Faithfully Honest: Heart Wide Open Over Ego
All my life, I've been told that I'm too nice of a person and how bad it was to live that way. It's actually pretty sad because a lot of people who've told me this are people who have been hurt by others to the point that they let their hurts block them from opening themselves up to new friendships. Although I knew they were coming from a place of concern, I still found it mind boggling because I thought being nice was the right thing to do, especially in moments when I really didn't want to be nice.
I'm only 25 years old, but I've experienced hate. I've been badly talked about for many reasons, I've been betrayed by loved ones, I've been bullied and called every name in the book... you name it. When someone says something bad about me or does something behind my back, my initial reaction to turn into victim mode. "How could they say that? They are so awful! Blah blah blah". And on it goes. I start to feel like maybe I shouldn't be so nice and go forth avoiding new relationships because I'm scared I'll end up dealing with this hurt all over again. But here's the thing, I'm so focused on worrying and not wanting to forgive others that I'm forgetting my real identity, and my real identity is in Christ.
As a Christian, I've learned that there is confusion between turning the other cheek (Matthew 5:39) and being a pushover. This is a constant battle we face as we are told that if anyone tries to hurt us, we should go ahead and give them aim. But what about us? What about our dignity and self worth? Should we just let that go to shreds and let anyone take a jab at us and NOT do anything about it? Should we just constantly forgive others when they let us down? The answer would be yes, but look at it from a heart perspective, not an ego perspective.

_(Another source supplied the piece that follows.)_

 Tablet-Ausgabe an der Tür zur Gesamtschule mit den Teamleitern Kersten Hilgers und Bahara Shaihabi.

In this life, not everyone is going to like me and not everyone is going to like what I do. I can't please everyone. I'm not a jar of Nutella . But should I let it affect me to the point that I lose my love for creating new friendships and just simply become a hermit for the rest of life? No, that would be awful! I need to figure out how to deal with the hurt by choosing one of two things: Do I forgive someone who doesn't give an apology and move on, or do I let the anger and hurt fester inside of me? My heart sings "Let It Go" from Frozen while my ego sings "Forget You" by Cee Lo Green. But just like Elsa says at the end of her song, "The cold never bothered me anyway". (I'm from Michigan, I grew up with it. It's fine.)

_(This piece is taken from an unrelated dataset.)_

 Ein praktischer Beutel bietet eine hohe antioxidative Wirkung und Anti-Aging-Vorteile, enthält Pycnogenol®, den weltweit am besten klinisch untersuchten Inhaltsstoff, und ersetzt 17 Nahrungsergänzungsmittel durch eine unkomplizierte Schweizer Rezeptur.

I promise you, without God by my side, I would probably be a horrible person because in Him, I find my real identity: A child of God. And do you know what that entails? Someone who is loved, someone who has been extended a lifetime of grace, and someone how is constantly forgiven for all the mistakes that I make. Did you read that last part? I am CONSTANTLY FORGIVEN FOR ALL THE MISTAKE THAT I MAKE. And let me tell you, as a human, I make a heck of a lot of them. So shouldn't I take the love, grace and forgiveness that God freely gives to me and extend it to those who hurt me? Yes. Is it right to do this even if you don't receive an actual apology? For my sake, yes. Otherwise, I would become bitter and I don't want that for myself. In this instance, I will look fear in the face and stand up for myself and say, "I'm going to forgive and I'm going to move on."

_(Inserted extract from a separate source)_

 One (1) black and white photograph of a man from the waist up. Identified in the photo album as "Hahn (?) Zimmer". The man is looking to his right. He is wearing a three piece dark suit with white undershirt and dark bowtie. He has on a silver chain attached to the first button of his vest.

Yes, I am a nice person. Yes, I might be so nice to the point that I tend to be a pushover, but I shouldn't let the mistreatment from others affect my positive outlook on creating new relationships. I would rather live with my heart wide open than with my horrible ego blocking me from living a life of happiness, just like Jesus did. At the end of the day, I am reminded to focus on God and the beautiful blessings in front of me rather than the hurts and pangs from broken friendships and other relationships. And that, my beautiful readers, is the lesson you should take from this rant.